WHAT THE TASK REQUIRES
With pictures excluded, copy word for word the lines in the data below from the line containing "Restoran Bar Makanan" through the line containing "Once we passed".

DATA EXTRACTS

---

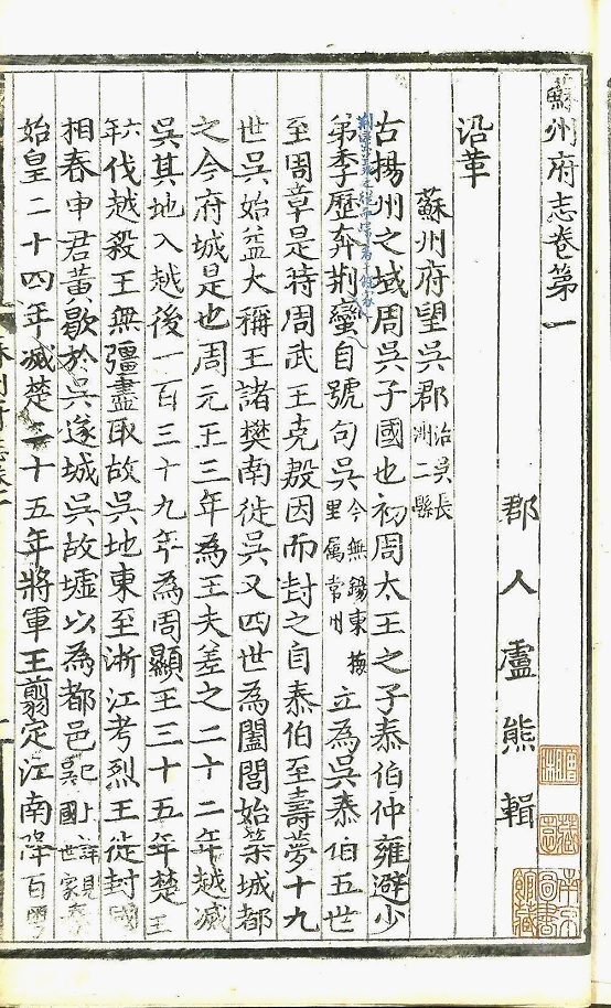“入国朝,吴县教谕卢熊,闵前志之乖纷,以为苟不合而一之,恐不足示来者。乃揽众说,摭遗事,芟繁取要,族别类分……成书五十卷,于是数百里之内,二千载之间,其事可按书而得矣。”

---

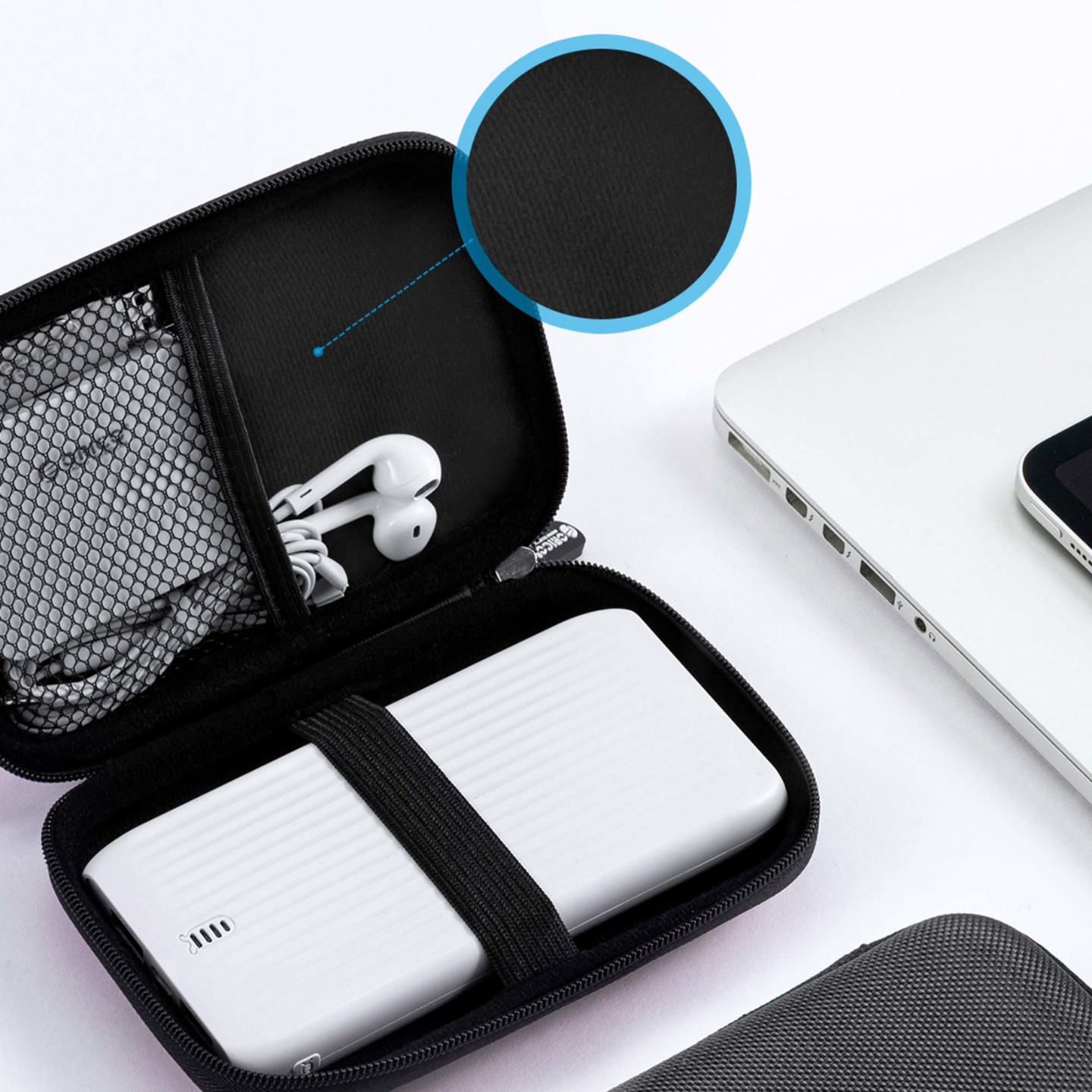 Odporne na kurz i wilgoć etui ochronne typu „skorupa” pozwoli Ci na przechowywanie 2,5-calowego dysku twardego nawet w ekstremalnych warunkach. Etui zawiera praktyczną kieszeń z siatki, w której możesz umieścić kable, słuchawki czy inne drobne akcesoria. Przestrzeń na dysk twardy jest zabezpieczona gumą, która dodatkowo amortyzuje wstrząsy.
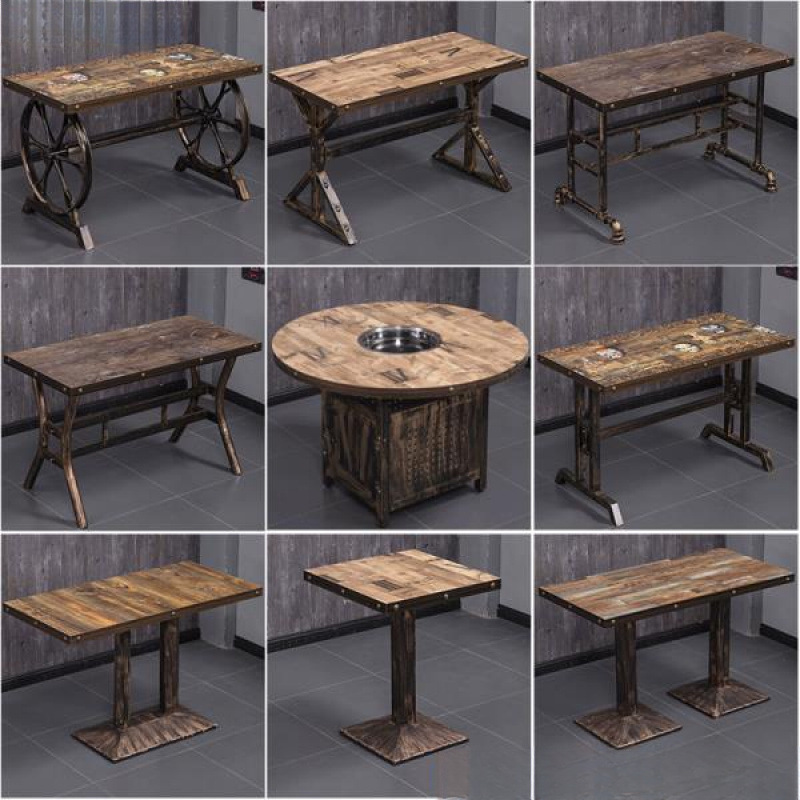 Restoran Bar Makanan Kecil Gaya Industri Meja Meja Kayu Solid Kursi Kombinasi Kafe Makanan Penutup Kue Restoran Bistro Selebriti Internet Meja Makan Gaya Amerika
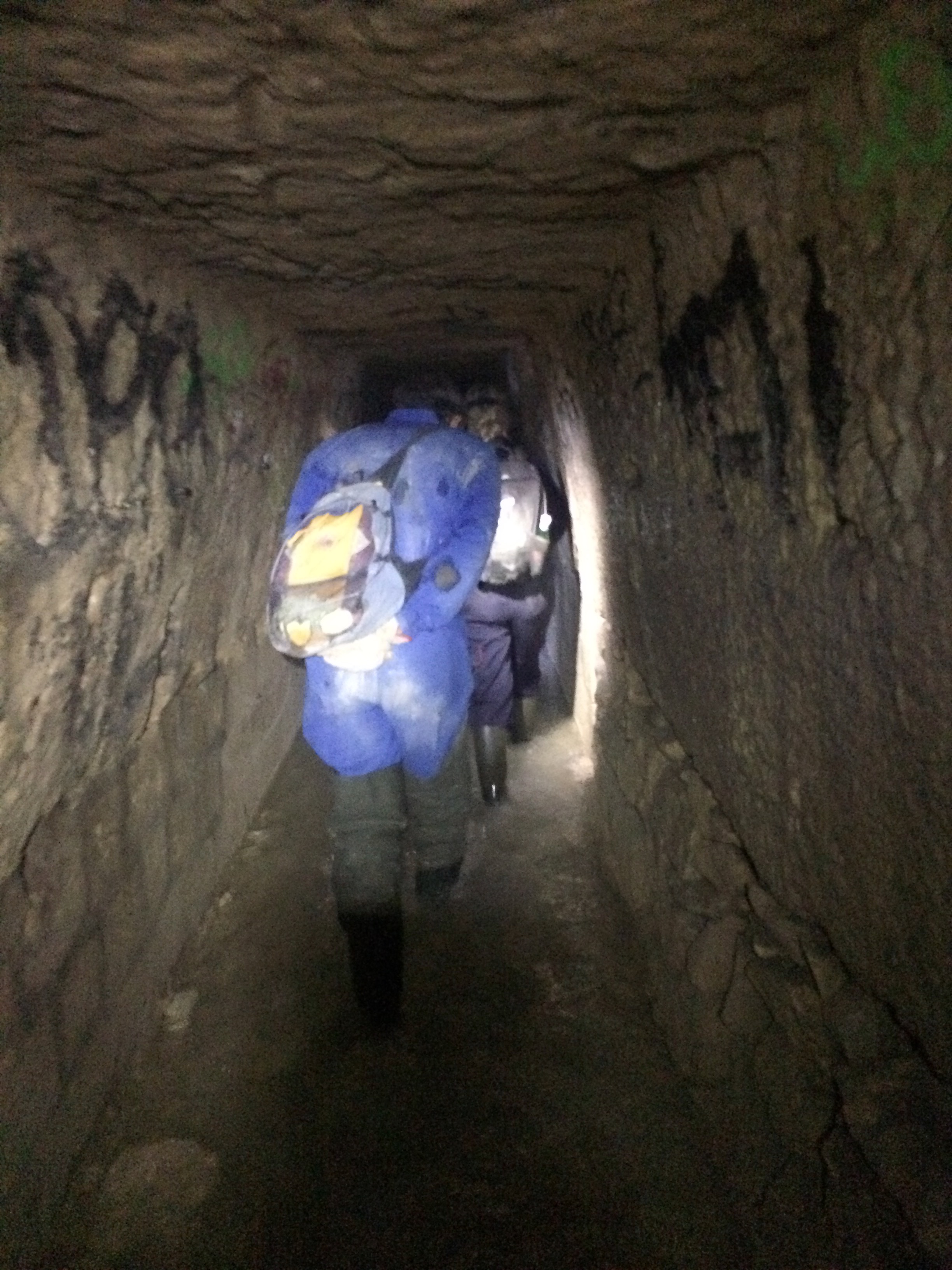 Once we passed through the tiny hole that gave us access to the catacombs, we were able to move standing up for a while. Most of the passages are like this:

---

SOLVED EXERCISE
 Restoran Bar Makanan Kecil Gaya Industri Meja Meja Kayu Solid Kursi Kombinasi Kafe Makanan Penutup Kue Restoran Bistro Selebriti Internet Meja Makan Gaya Amerika
 Once we passed through the tiny hole that gave us access to the catacombs, we were able to move standing up for a while. Most of the passages are like this:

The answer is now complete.